Outro nome que tem aí no mercado é o de Mano Menezes. Não gosto deste técnico. Fez um trabalho ruim na Seleção Brasileira e tem como os dois únicos pontos positivos em seu curriculum o título com o Corinthians e a volta do Grêmio à série A.

Portanto estamos naquela situação: ruim com Ney, pior sem Ney. Defendo sua continuidade, mas com pulso firme do presidente e da diretoria. Ouço dizer que foram detectados alguns descontentamentos no elenco e poderia haver jogo para derrubar o técnico. Então que a diretoria detecte o problema e resolva, para o bem do São Paulo.

Derrota irrecuperável no Morumbi

Amigo são-paulino, leitor do Tricolor na Web, a derrota do São Paulo para o Goiás, no Morumbi, é daquela que você só vai recuperar no campeonato do ano que vem. Ou seja: são três pontos que não se conquista mais. O pior foi tomar o gol com um minuto e meio de jogo, ter mais 88 minutos (fora os acréscimos)  e não conseguir, ao menos, empatar a partida.

Não sou fervoroso defensor da demissão de Ney Franco e muito menos defendo a volta de Muricy Ramalho nesse momento para o São Paulo. Mas sou obrigado a reconhecer que nosso técnico foi o responsável direto pela derrota desta quarta-feira.

Ney Franco entrou com o time errado. Quando todos esperavam – e era a hora disso – do 4-3-3, com Aloísio, Luis Fabiano e Osvaldo na frente, e Ganso no meio, ele entra com Maicon e mantém Aloísio na defesa. Aí, no intervalo, coloca Aloísio e tira Douglas, passando Rodrigo Caio para a lateral. Numa única substituição ele matou o lado direito do São Paulo, porque, mal ou bem, Douglas fazia jogadas de ataque e causava preocupação ao lateral do Goiás, deixou o meio de campo vulnerável, pois Wellington continua muito mal, e tirou quebrou o domínio de do meio para a frente, pois Maicon, mesmo que sem qualidade, fazia isso, enquanto Ganso estava morto. Aliás, a escalação de Maicon deixou Ganso completamente sem função.

Percebendo o erro, Ney colocou Caramelo no lugar de Maicon, voltando Rodrigo Caio para o meio. Não mudou muita coisa, pois Caramelo foi responsável por uma jogada patética, quando avançou pela direita e caiu sozinho, coisa que mesmo em várzea, quando  acontece, vira motivo de risos.

Para completar o quadro, tirou Juan, numa nítida tentativa de agradar a torcida, e colocou Silvinho.

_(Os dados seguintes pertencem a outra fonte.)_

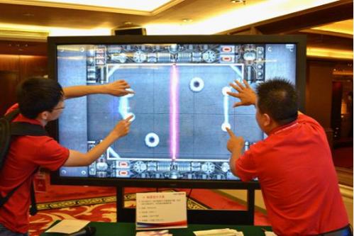 NECV551打造的55寸高端无盲区4CCD技术互动触摸信息交互发布平台,用特殊的优化算法处理,避免了重叠区域误算的风险,极大提升了触屏准确性和反应速度,展会现场双人同屏同时体验触屏游戏,不仅操作无丝毫的延迟感,还能通过NEC的大小屏联动技术,将触摸操控的结果实时显示在3*3大屏幕拼接屏上,快速实现信息共享和实时动态的调用。据悉,NEC将推出一系列具有多点触控功能的工程显示器,该系列产品将采用业内最高端的触控技术,实现至少四点的触控。相信这一系列产品的推出会使得NEC工程显示产品如虎添翼。此外,NEC现有的V系列和P系列工程显示器,在设计之初就已预见到未来趋势,为产品预留了极大的改造空间。现有产品只需经过简单改造便可配合触摸屏实现多点触控,巡展中就是采用V551加装触摸屏来实现的。
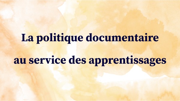 "La politique documentaire comprend la définition des modalités de la formation des élèves, le recensement et l'analyse de leurs besoins et de ceux des enseignants en matière d'information et de documentation, la définition et la gestion des ressources physiques et numériques pour l'établissement ainsi que le choix des leurs modalités d'accès au CDI, dans l'établissement, à la maison et en mobilité. La politique documentaire s'inscrit dans le volet pédagogique du projet de l'établissement et ne se limite ni à une politique d'acquisition de ressources, ni à l'organisation d'un espace multimédia au sein du CDI". Circulaire de mission de 2017

Mas aí já era tarde demais.

Por incrível que pareça, mesmo jogando mal e tendo perdido a partida, o São Paulo ainda cansou de perder gols. Somente no segundo tempo foram dois com Aloísio – numa mesma jogada -, uma absurda com Juan, uma com Luis Fabiano, uma com Osvaldo e uma com Maicon. Pontarias péssimas. Sem contar o pênalti não marcado, quando um zagueiro do Goiás meteu a mão da bola para desviar um chute de Maicon.

Enfim, tudo o que fizemos para conseguir aquela “gordura” nas primeiras rodadas, jogamos por terra nessa quarta-feira. E o Goiás, para quem quer ser campeão, é daqueles times em que se faz necessário vencer dentro e fora de casa. Por isso esses três pontos perdidos nesta partida são irrecuperáveis.